═════ DATASET EXCERPTS ═════
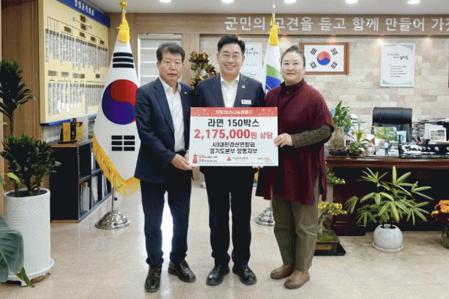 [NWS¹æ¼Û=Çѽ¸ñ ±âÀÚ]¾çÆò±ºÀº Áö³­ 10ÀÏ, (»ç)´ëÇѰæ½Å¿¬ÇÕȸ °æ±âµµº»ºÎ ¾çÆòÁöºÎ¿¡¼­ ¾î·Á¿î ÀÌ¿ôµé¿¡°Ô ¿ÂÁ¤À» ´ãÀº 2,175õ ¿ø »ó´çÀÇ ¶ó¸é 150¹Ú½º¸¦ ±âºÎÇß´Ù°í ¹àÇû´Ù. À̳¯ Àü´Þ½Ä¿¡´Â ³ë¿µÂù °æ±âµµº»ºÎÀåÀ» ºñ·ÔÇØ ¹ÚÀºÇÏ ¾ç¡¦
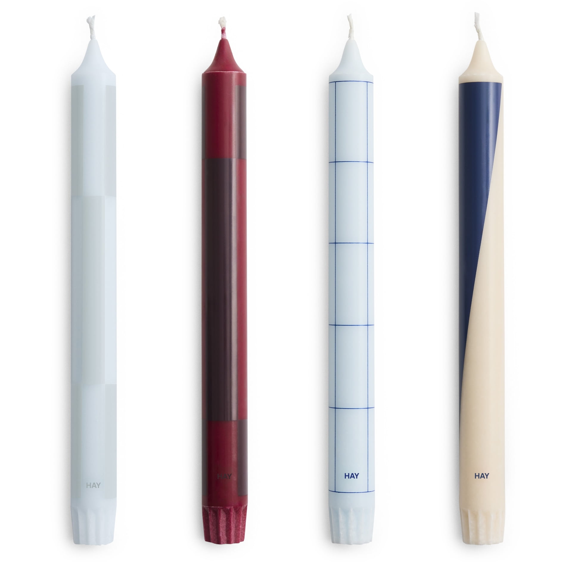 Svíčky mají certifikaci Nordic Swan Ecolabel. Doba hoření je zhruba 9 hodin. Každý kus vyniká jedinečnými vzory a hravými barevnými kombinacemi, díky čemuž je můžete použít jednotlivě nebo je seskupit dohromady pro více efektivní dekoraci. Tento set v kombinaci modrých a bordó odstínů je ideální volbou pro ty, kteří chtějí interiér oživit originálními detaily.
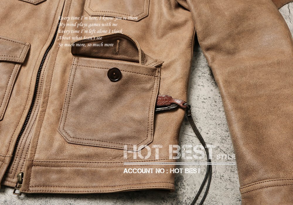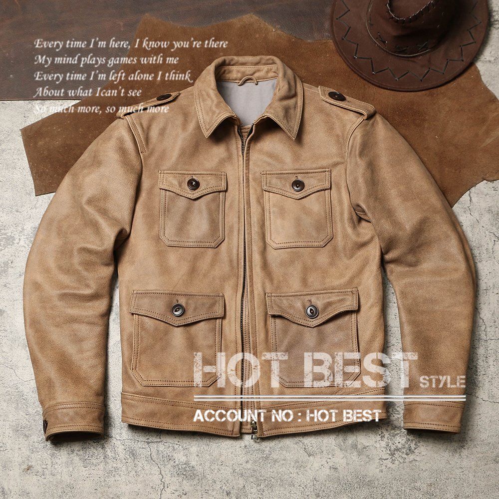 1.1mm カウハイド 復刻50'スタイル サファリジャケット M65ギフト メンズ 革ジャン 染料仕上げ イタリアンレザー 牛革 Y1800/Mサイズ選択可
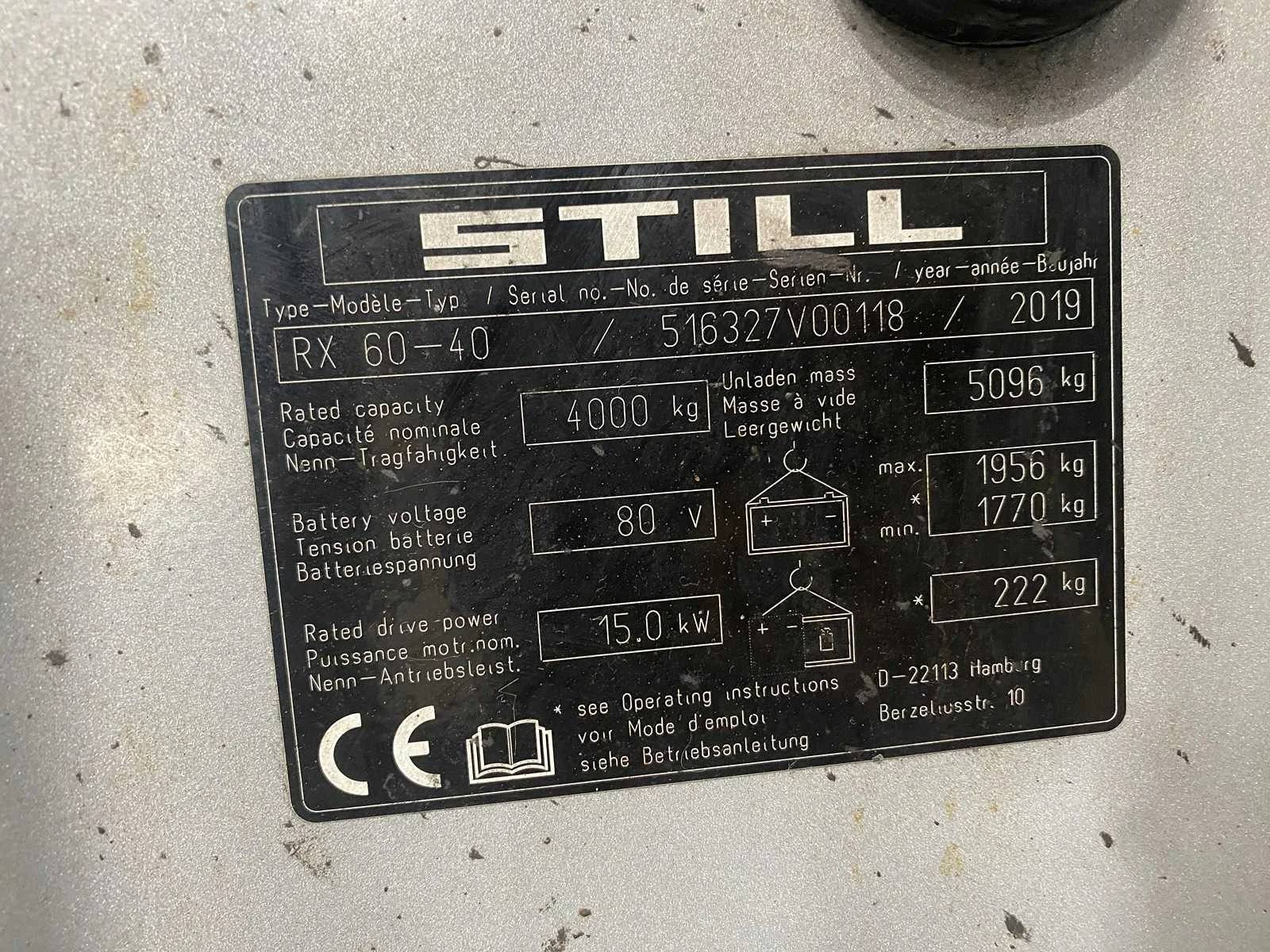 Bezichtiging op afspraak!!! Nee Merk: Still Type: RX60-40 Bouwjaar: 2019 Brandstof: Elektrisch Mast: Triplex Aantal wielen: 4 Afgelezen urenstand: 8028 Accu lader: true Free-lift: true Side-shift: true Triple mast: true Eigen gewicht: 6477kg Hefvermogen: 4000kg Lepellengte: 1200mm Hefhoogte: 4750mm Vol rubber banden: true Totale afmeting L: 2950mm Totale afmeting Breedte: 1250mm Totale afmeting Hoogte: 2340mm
═════
═════ DATASET EXCERPTS ═════
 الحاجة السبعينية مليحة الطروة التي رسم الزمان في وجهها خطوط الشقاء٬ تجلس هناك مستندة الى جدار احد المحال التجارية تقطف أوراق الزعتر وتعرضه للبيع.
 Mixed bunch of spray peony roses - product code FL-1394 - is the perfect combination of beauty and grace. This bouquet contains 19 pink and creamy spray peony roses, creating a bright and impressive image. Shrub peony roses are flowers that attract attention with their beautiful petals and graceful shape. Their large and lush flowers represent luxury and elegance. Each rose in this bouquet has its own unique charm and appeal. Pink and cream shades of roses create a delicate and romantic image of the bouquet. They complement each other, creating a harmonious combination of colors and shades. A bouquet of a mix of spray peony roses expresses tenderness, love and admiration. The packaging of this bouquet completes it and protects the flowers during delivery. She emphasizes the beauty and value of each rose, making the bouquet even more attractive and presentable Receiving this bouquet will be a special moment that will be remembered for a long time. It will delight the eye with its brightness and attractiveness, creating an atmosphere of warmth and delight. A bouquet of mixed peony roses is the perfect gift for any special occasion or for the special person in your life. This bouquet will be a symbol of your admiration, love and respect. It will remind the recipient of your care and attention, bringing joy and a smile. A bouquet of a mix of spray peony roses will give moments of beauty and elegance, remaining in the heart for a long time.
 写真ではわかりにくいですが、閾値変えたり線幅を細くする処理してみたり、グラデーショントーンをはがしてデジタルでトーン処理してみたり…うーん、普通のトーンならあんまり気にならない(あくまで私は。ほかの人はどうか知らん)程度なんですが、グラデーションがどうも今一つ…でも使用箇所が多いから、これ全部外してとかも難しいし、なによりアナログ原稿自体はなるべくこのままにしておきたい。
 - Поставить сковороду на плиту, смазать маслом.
═════
■ THE PROBLEM:
From the records above, copy exactly the stretch from the line holding "Svíčky mají certifikaci" through the line holding "Bezichtiging op afspraak!!!", both ends included, without the pictures.

■ SOLUTION TO THE EXERCISE:
 Svíčky mají certifikaci Nordic Swan Ecolabel. Doba hoření je zhruba 9 hodin. Každý kus vyniká jedinečnými vzory a hravými barevnými kombinacemi, díky čemuž je můžete použít jednotlivě nebo je seskupit dohromady pro více efektivní dekoraci. Tento set v kombinaci modrých a bordó odstínů je ideální volbou pro ty, kteří chtějí interiér oživit originálními detaily.
 1.1mm カウハイド 復刻50'スタイル サファリジャケット M65ギフト メンズ 革ジャン 染料仕上げ イタリアンレザー 牛革 Y1800/Mサイズ選択可
 Bezichtiging op afspraak!!! Nee Merk: Still Type: RX60-40 Bouwjaar: 2019 Brandstof: Elektrisch Mast: Triplex Aantal wielen: 4 Afgelezen urenstand: 8028 Accu lader: true Free-lift: true Side-shift: true Triple mast: true Eigen gewicht: 6477kg Hefvermogen: 4000kg Lepellengte: 1200mm Hefhoogte: 4750mm Vol rubber banden: true Totale afmeting L: 2950mm Totale afmeting Breedte: 1250mm Totale afmeting Hoogte: 2340mm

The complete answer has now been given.